- [What this task involves]
Each line in the data must be reproduced as written, except for any picture.

Excerpts from a dataset:
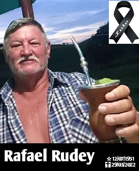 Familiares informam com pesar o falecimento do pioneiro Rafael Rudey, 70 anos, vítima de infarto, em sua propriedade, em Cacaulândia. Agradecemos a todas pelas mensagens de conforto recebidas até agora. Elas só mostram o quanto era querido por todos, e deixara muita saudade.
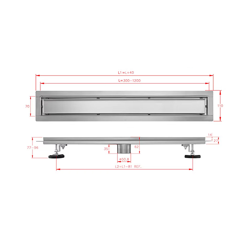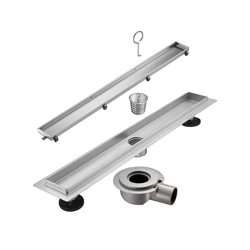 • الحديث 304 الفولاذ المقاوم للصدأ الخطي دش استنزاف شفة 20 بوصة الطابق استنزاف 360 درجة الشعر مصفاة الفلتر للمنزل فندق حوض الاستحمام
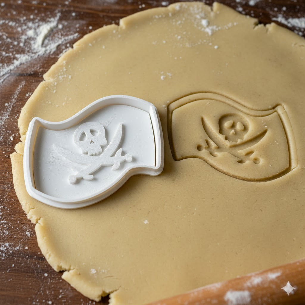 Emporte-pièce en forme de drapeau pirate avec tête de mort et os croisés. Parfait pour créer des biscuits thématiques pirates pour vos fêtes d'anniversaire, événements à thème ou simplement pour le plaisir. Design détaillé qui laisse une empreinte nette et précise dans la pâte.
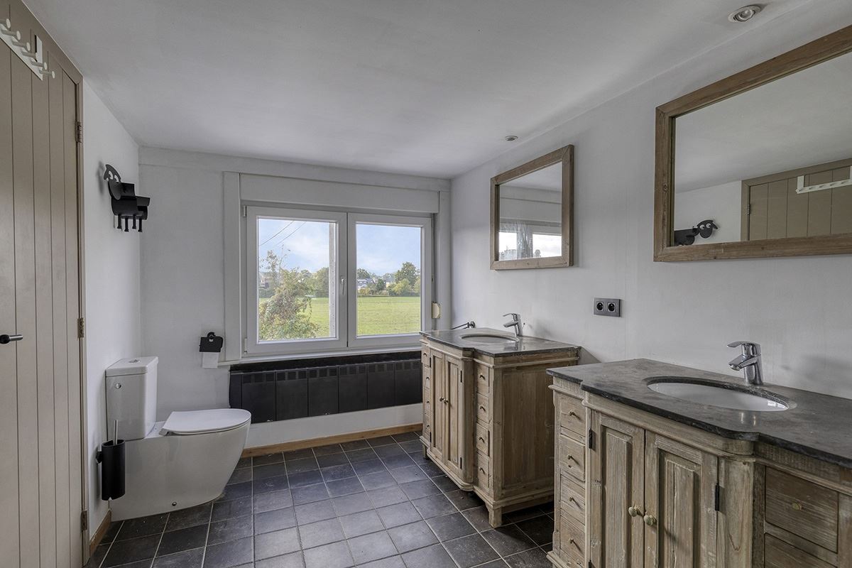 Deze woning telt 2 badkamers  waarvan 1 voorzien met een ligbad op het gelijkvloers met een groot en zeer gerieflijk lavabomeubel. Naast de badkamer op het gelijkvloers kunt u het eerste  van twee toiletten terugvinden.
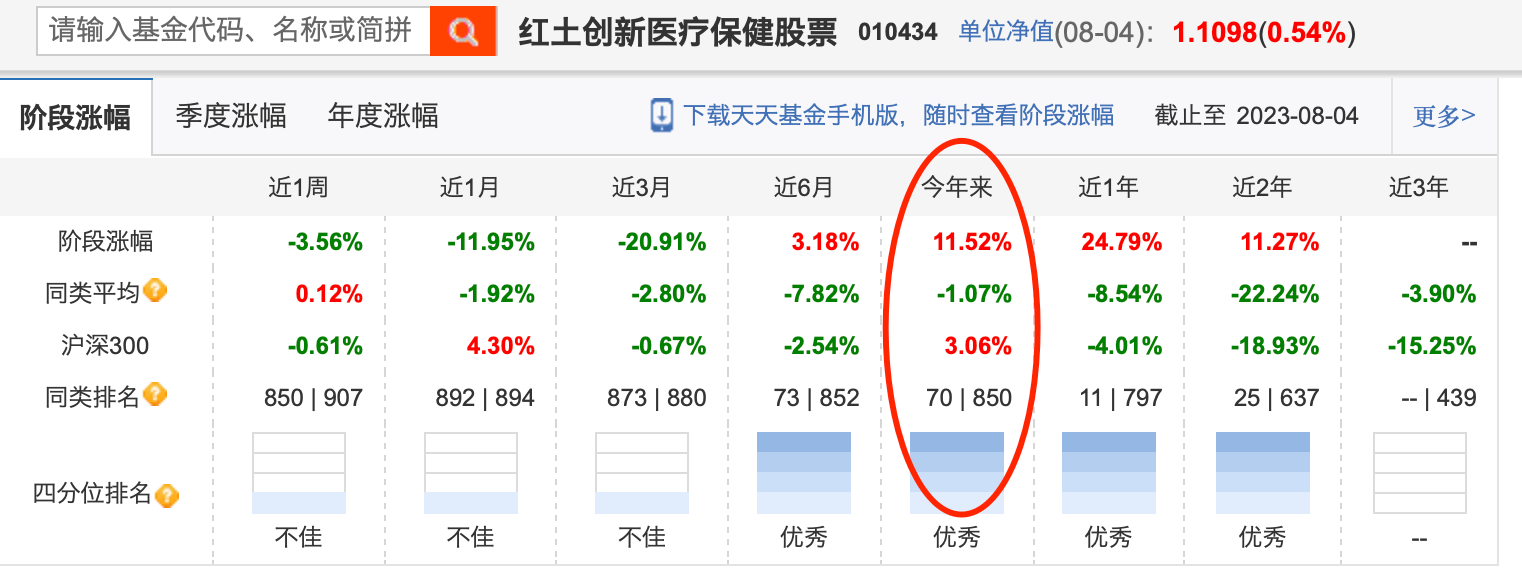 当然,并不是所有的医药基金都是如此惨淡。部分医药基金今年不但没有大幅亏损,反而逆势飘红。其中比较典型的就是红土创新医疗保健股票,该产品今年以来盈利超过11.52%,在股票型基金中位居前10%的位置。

- [Answer]
 Familiares informam com pesar o falecimento do pioneiro Rafael Rudey, 70 anos, vítima de infarto, em sua propriedade, em Cacaulândia. Agradecemos a todas pelas mensagens de conforto recebidas até agora. Elas só mostram o quanto era querido por todos, e deixara muita saudade.
 • الحديث 304 الفولاذ المقاوم للصدأ الخطي دش استنزاف شفة 20 بوصة الطابق استنزاف 360 درجة الشعر مصفاة الفلتر للمنزل فندق حوض الاستحمام
 Emporte-pièce en forme de drapeau pirate avec tête de mort et os croisés. Parfait pour créer des biscuits thématiques pirates pour vos fêtes d'anniversaire, événements à thème ou simplement pour le plaisir. Design détaillé qui laisse une empreinte nette et précise dans la pâte.
 Deze woning telt 2 badkamers  waarvan 1 voorzien met een ligbad op het gelijkvloers met een groot en zeer gerieflijk lavabomeubel. Naast de badkamer op het gelijkvloers kunt u het eerste  van twee toiletten terugvinden.
 当然,并不是所有的医药基金都是如此惨淡。部分医药基金今年不但没有大幅亏损,反而逆势飘红。其中比较典型的就是红土创新医疗保健股票,该产品今年以来盈利超过11.52%,在股票型基金中位居前10%的位置。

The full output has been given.